Sunday 26 September 2010

Time to put the pen down and get over it

I've resisted it for so long. Really, I have.

In fact, I was just talking the other day with a friend how it was with her, during the first month of my undergrad, that I created my email account, some eleven years ago. And it's just been that ever since. While another generation has been born under the banners of all things IM, Chat, MSN, Facebook, Flicker etc. and not to mention that they can access all these on their mobile phones at break-neck speed, I have bumbled along nicely with my one email account and a mobile phone you'd laugh at in a movie from 2001. These and my agenda (which is made of paper and requires ink or lead) have served me well and I am happy to report that I haven't missed a birthday and could tell you what I was doing on March 17th 2007 with enough detail to make you go, "Really?" It's not a diary a la Bridget Jones. It's practical, with tidbits of reactions. It's worked for me.

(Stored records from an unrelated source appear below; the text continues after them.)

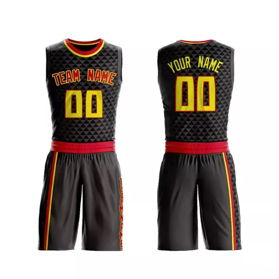 Custom Sublimated Basketball Jersey Set Black Yellow Red Team Name 00 Moisture Wicking Polyester Adult Unisex Athletic Fit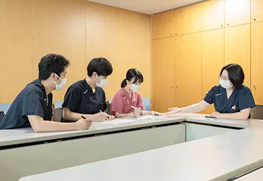 入職後1年間は、プリセプターの指導のもと、臨床業務に取り組みます。患者担当に向けた準備(評価や治療プランの考案)から、リハビリテーション介入、カルテ記録、患者情報のまとめと振り返りまで、プリセプターが実務を共にしながら丁寧にサポートを行います。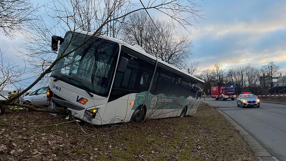 Der Bus fuhr im Anschluss weiter in die neben der Straße befindliche Böschung und kollidierte dort mit einer Reihe kleinerer Bäume. Durch den Aufprall verletzte sich eine Insassin leicht am rechten Fuß und kam zur weiteren Behandlung ins Klinikum nach Marktredwitz.

I remember the January just gone, in the heat of Buenos Aires as I sat around the pool with my in-laws. I happily had my feet dangling in the water and I had one little book open next to me while I was jotting in birthdays and anniversaries from the previous year into the latest version. There's no little button for this with a paper diary. It's sheer graft and a little task I love. There's something about it which taps into my paper and pen loving brain: little sparks fly off as I think about how the seasons will pass before it's his birthday or how lucky she is to be having hers on a Friday this year. And all this is to come.

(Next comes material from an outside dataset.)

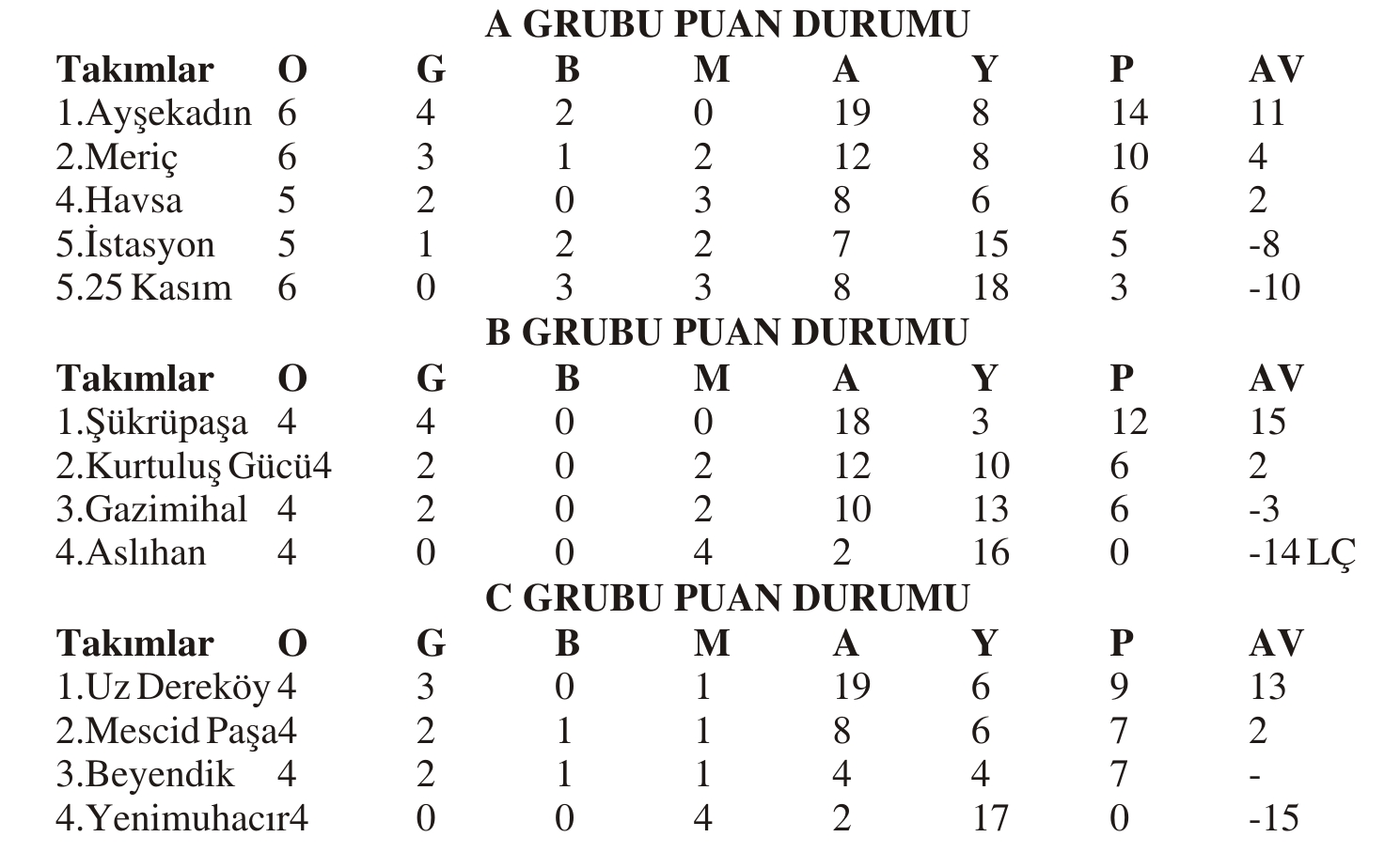B Grubu lideri Şükrüpaşa 4’te 4 yaparak puan kayıpsız olarak yoluna devam ederek grup birinciliğini garantiledi. C Grubu lideri Uz. Demirköy ilk mağlubiyetini Beyendik karşısında alırken. A Grubu’nda ise Ayşekadın liderliğini sürdürüyor.

My father-in-law, Sr. G, was mildly amused at me doing this. It seemed a lot of work to him. He is a busy man who has his Blackberry to tell him what he's doing with whom and his wife to let him know gently it's her birthday today. After his good laugh at me and my seemingly Victorian ways, his youngest son came across to the pool and jumped in, splashing one and all. Pages of my agenda got wet. But so did his Blackberry.

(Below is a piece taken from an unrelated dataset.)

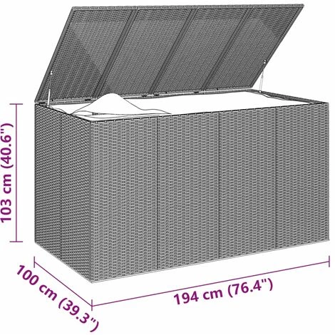 Diese einfache Garten-Kissenbox aus PE-Rattan ist eine ideale Wahl für die Aufbewahrung von Kissen, Kissen, zusätzlichen Decken, Handtüchern, Haushaltskram und vielem mehr. Diese Gartenbox hat einen stabilen, pulverbeschichteten Stahlrahmen, der sehr langlebig ist. Dank des witterungsbeständigen PE-Rattans ist die Aufbewahrungstruhe pflegeleicht, strapazierfähig und sowohl für den Außen- als auch für den Innenbereich geeignet. Außerdem schützt die wasserabweisende PE-Innentasche mit Deckel und Reißverschluss Ihre Gegenstände vor Feuchtigkeit. Darüber hinaus verfügt die Kissenbox über eine Gasdruckfeder, die das Öffnen und Schließen erleichtert und Finger und Hände vor versehentlichem Schließen schützt. Hinweis:Um die Lebensdauer Ihrer Gartenmöbel zu verlängern, empfehlen wir Ihnen, diese regelmäßig zu reinigen und im Freien vor Niederschlägen oder starken Sonnenstrahlen zu schützen.Reinigung: Verwenden Sie eine milde Seifenlösung.Lagerung:Wenn möglich, an einem kühlen, trockenen Ort im Innenbereich lagern. Wenn das Produkt im Freien gelagert wird, schützen Sie es mit einer wasserdichten Abdeckung. Wischen und trocknen Sie das überschüssige Wasser oder den Schnee nach Regen oder Schneefall von ebenen Flächen. Sorgen Sie für eine ausreichende Luftzirkulation, um feuchtigkeitsbedingte Schäden zu vermeiden.

The paper dried so much quicker.

So, what have I resisted? I've resisted the need to feed people I'd rather forget with inane bits of information about my life; I've resisted having to check my emails to find out when my brother's birthday is; and I've resisted a mobile with satnav, having more than one email, chatting simultaneously on five different IM services (are they even called that?) and generally, being conspicuous.

Until now.

I'm still going to try and use my great navigational skills to get places. I will continue to write dates and times in my agenda (and choose a different colour for it every year, how nice) and I will not succumb to fake cyber social contracts when deciphering human interaction in a new office is hard enough. But now I will not be so invisible. It's time to put my toe in the water of the world of words that exist beyond the personal and humble pages inside my computer and desk drawers.

A forest bird never wants a cage, Ibsen told us, and he couldn't be more right in terms of where I am right now. My wings are opening and if I don't fly soon someone will come along and clip them. And I'll be stuck in a cage with my ideas on the inside and the world on the outside.